Interstellar – the Drama

Interstellar: I – The Drama

by

Howard Adelman

Nancy and I along with our son and daughter-in-law, Daniel and Jessica, went to see a film that I thought was called Intergalactica, but soon discovered was called Interstellar. My mind, and often my mouth and even my fingers, for some reason, known or unknown, often does that – transposes one word or phrase for another. One example – always guaranteed to split the sides of my wife, Nancy, and my two young children – is the substitution of the name of candies called “Jolly Ranchers” with the name “Jolly Rangers”. When I first typed the substitution, I even reversed the names, writing that I substituted the correct name, “Jolly Rangers”, for the name “Jolly Ranchers”. I only caught the error in editing. Jolly Ranchers were favourite candies of Daniel and Gabriel when they were young. I always seemed to call that candy by the wrong name. The mental reason for that substitution is unknown to me until this day.

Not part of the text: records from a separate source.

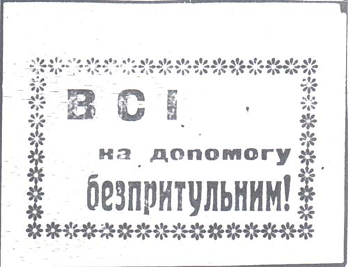 1926(?) г. Разм. 84 х 64 мм. Одноцветная печать на светло-оранжево-серой бумаге. В центре в прямоугольной рамке из декоративных элементов в виде цветков разм. 71 х 44 мм текст на украинском языке в три строки: «Все на помощь беспризорным».
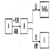 如下图A、B、C三种物质都含有同一种元素,B是单质, A、C都是氧化物,C是一种黑色固体物质,且反应②发生时可观察到剧烈燃烧,火星四射。请回答:
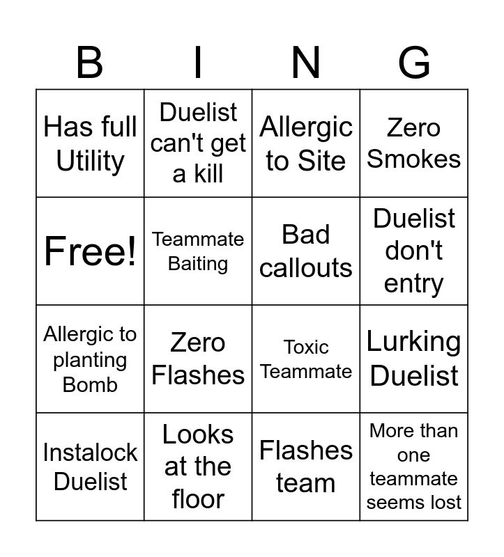 This bingo card has 16 words: Looks at the floor, Lurking Duelist, Allergic to Site, Has full Utility, Allergic to planting Bomb, Duelist can't get a kill, Toxic Teammate, Flashes team, Free!, Teammate Baiting, Instalock Duelist, Zero Smokes, Zero Flashes, Duelist don't entry, Bad callouts and More than one teammate seems lost.
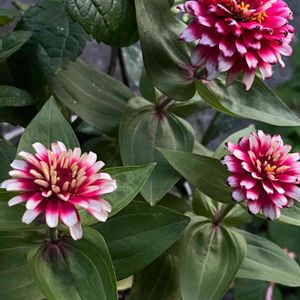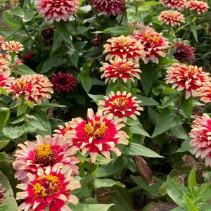 ジニア百日草 スィズルチェリー&アイボリー❤️🤍❤️今年はこの百日草は順調に生育しています👌これは120のロングポットですが一株でこのボリュームです🙌🙌
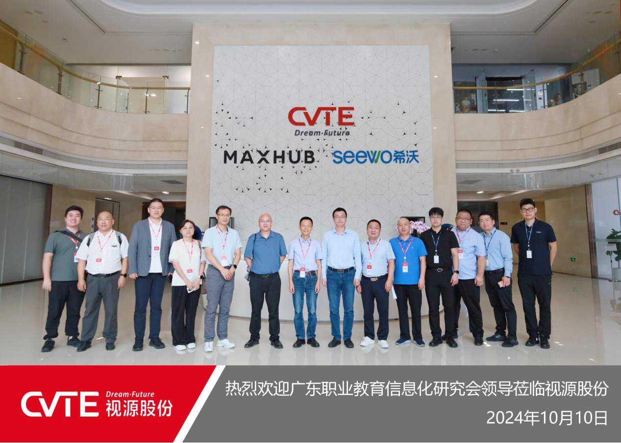 10月10日,華南理工大學副首席信息官、廣東職業教育信息化研究會首席專家陸以勤,廣東省教育廳事務中心信息數據部主任楊生華、常務副會長劉兆風、秘書長王軍、常務理事郭浩杰、副秘書長嚴正淮等一行領導蒞臨視源股份(希沃)CVTE第四產業園參觀交流,就產教融合、智慧教室、高職教數字化發展等關鍵議題進行深度研討。
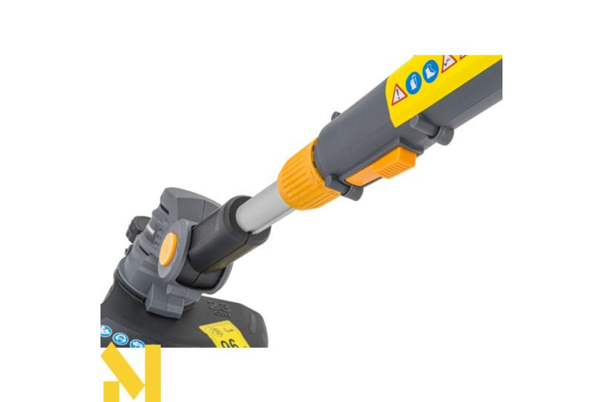Регулювання кута нахилу головки тримера для трави є надзвичайно практичною функцією, яка значно полегшує косіння у важкодоступних місцях. Завдяки можливостірегулювання кута нахилу головикористувач може точно косити траву вздовжбордюрів, під лавками, навколо дерев і на нерівній місцевості.
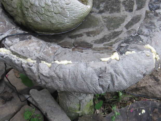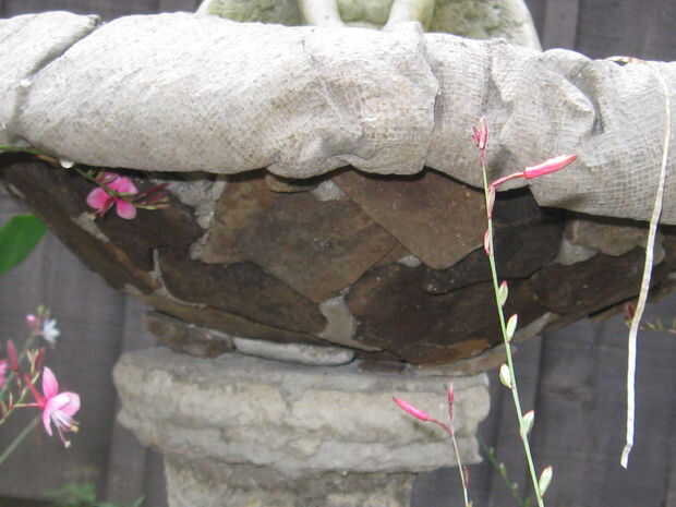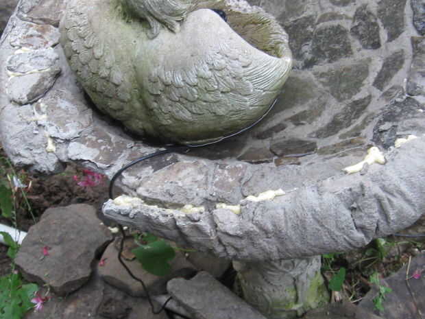 El borde no era muy grueso y rompió la llanta de la dona en un par de piezas de molde pero todo y funcionó hacia fuera, algun pegamento del gorila y algunas abrazaderas celebradas lo consiguió de nuevo juntos. Equilibrar el tazón sobre el pilar que tenía que nivelar con cierta izquierda sobre rocas planas. Añadir su estatua en la mitad posterior de la taza.

As another example, I almost always say “loan” when I mean “borrow”. I know the right term in my mind, but there is a disconnect between my brain and my mouth. Almost everyone does this a few times because of a memory synapse error, but for some of us, it is a chronic condition. For others, the condition is acute. The phonological system involved in speech output in the language-dominant hemisphere is impaired. It is one major reason why I almost never read a talk. For almost inevitably one word or phrase will be substituted by another, in spite of the script before my eyes, to produce an unintended joke and unwelcomed laughter. When this occurs in a seemingly extemporaneous speech, it is barely noticed.

I do not know the physiological explanation for my condition, but I think I have a rational explanation for why I called the film Interstellar by the name “Intergalactica”. The name “Interstellar” never made sense to my rational and scientific mind, so my brain independently performed a transposition. After all, interstellar means travel between stars. From the little I had heard about the movie, the space travel was from the planet earth in one solar system to another life sustaining planet in another galaxy. The movie was about travel between galaxies using a wormhole in the space/time continuum. In any case, why would humans seeking an alternate livable planet want to travel from one sun to another? Perhaps to a planet in a very different solar system. But everyone knows, or do we, that this is impossible – even in science fiction. Intergalactic travel, believe it or not, is a far more realistic scenario which the imagination of the movie makers literally bend to their advantage.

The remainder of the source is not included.